L’angolo di visuale dal quale bisogna guardare è quello degli interessi coinvolti:
il soddisfacimento di un determinato interesse è per la norma giuridica
l’elemento teleologico, il fine verso il quale essa tende. Ed è, di conseguenza,
l’elemento razionalizzante, quello che orienta i destinatari della stessa. Quando il
legislatore disciplina una determinata fattispecie, molti sono gli interessi che
sono astrattamente coinvolti e spesso tra loro contrastanti, nel senso che il
soddisfacimento di uno comporta il mancato soddisfacimento dell’altro. Qui il
legislatore compie la sua attività (di natura puramente politica) di bilanciare i
vari interessi coinvolti e di decidere a quale dare rilevanza giuridica,
finalizzandovi quindi la norma.
Nell’ordinamento privatistico il legislatore ricorre allo schema di produzione di
effetti giuridici norma – fatto – potere sull’ an – accertamento giudiziale – effetto
quando sussistono due situazioni: nella fattispecie sono presenti interessi di
natura pubblicistica (i c.d. “interessi generali” secondo la dottrina pubblicistica
più moderna) ovvero vi sono interessi che fanno capo ad altri soggetti
dell’ordinamento diversi dal titolare della posizione giuridica soggettiva di
riferimento. Tipico esempio del primo caso è l’art. 833 c.c. così come
interpretato e reso vivo dalla dottrina e giurisprudenza, per il quale l’interesse
che rileva non è tanto quello del non ricevere molestia a causa di atti emulativi
del proprietario, quanto quello dell’intero ordinamento giuridico che non si
abusi del proprio diritto.

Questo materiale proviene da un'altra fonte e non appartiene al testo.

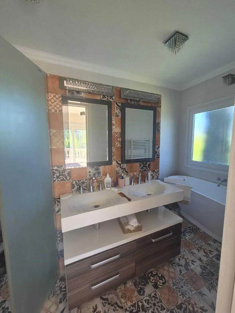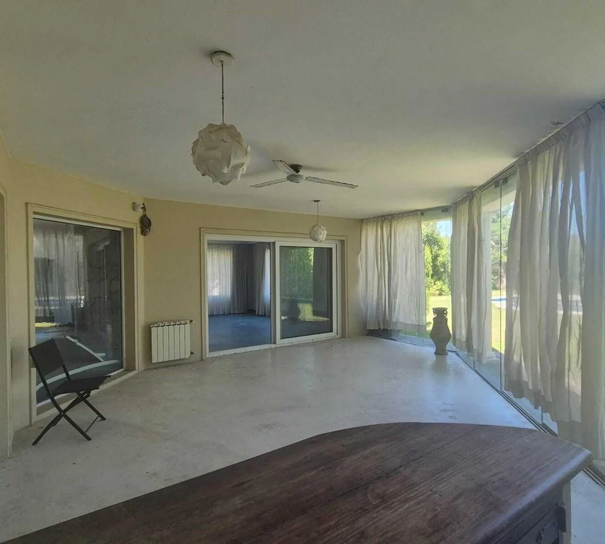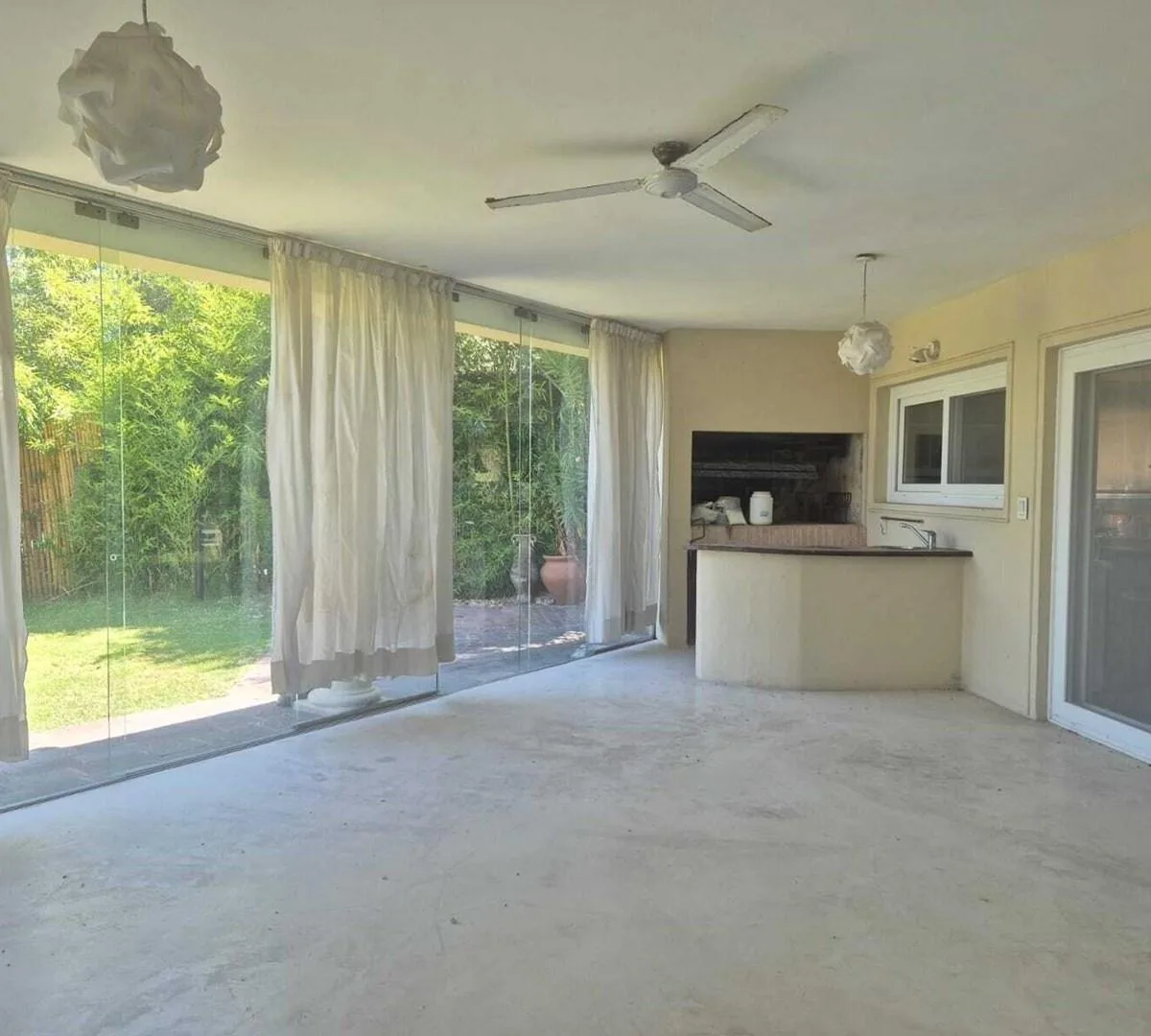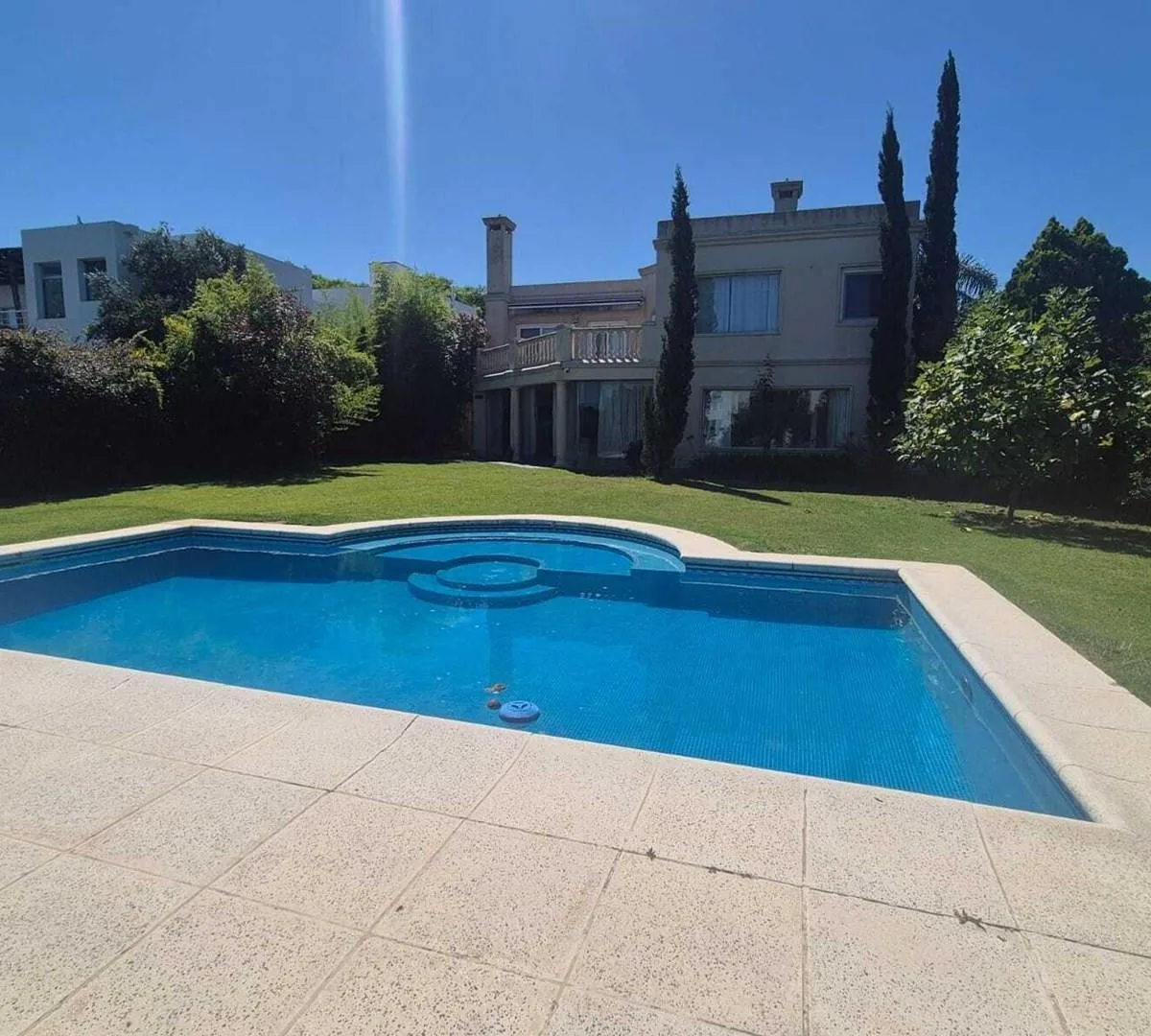Дом в Santa Barbara, Tigre, на аренду. В доме большая гостиная с двойной высотой и обеденной зоной, разделёнными камином, гостевой туалет, кабинет и кухня с островом и местом под обеденную зону. Есть кондиционеры, газовая варочная панель, духовой шкаф ariston, прачечная с бойлером для горячей воды, стиральная машина и котёл. Спальни: главная suite с видом на лагуну и выходом на террасу, ванная tri-разделённая, гардеробная; 3 спальни с выходом на террасы и шкафами в двух из них, 1 общая полноценн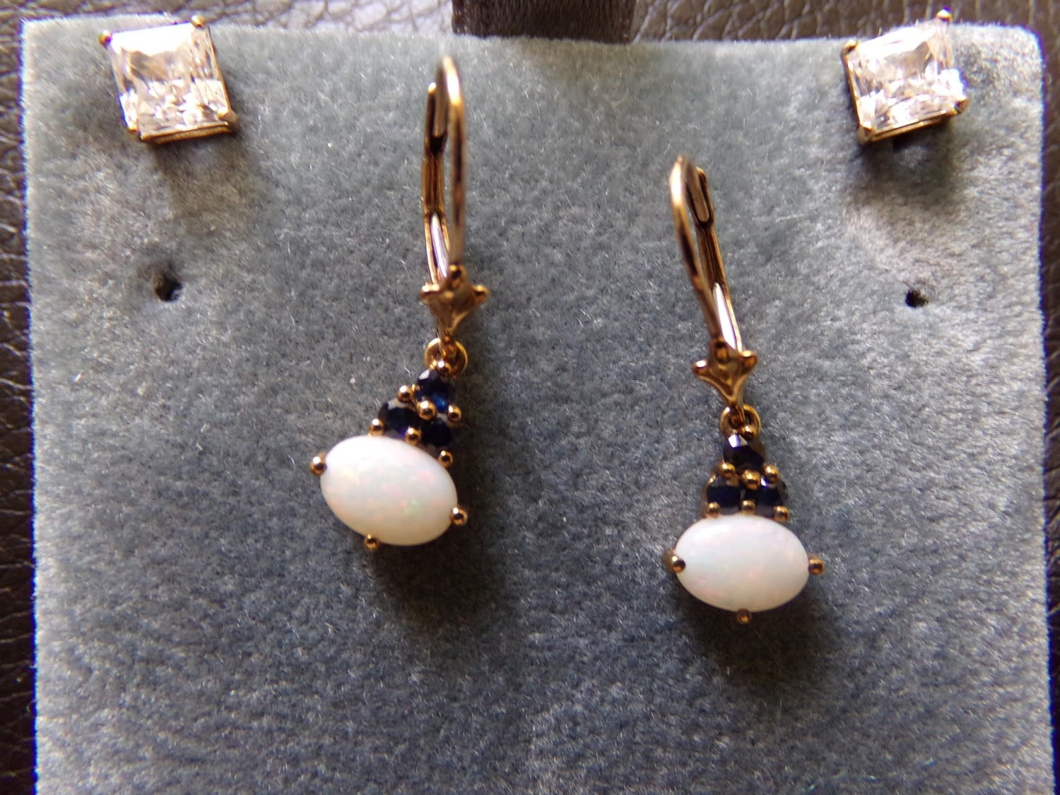 Pair of 9ct gold opal set drop earrings + set of 14ct gold CZ set stud earrings

Esempio, invece, del secondo tipo è la responsabilità
genitoriale, posizione giuridica soggettiva attiva in capo al genitore che
coinvolge, però, l’interesse del minore.
Ebbene, sia nella separazione che nello scioglimento del matrimonio, la
disciplina dettata dal legislatore del 1942 prima e del 1970 poi, era tale per cui
gli interessi, che venivano in rilievo, non erano esclusivamente quelli dei coniugi
a separarsi o divorziare, ma vi era un ulteriore e preminente interesse
pubblicistico di controllo su tutte quelle situazioni che portavano allo
sgretolamento del vincolo matrimoniale. Tutto ciò era spiegabile grazie al ruolo
che la famiglia fondata sul matrimonio ha da sempre svolto nella nostra società,
ossia quella di un forte collante sociale, sul quale si fonda il nucleo essenziale
della società e conseguentemente lo Stato, inteso nella sua accezione di Stato –
Comunità, così come si evince dall’art. 29 Cost.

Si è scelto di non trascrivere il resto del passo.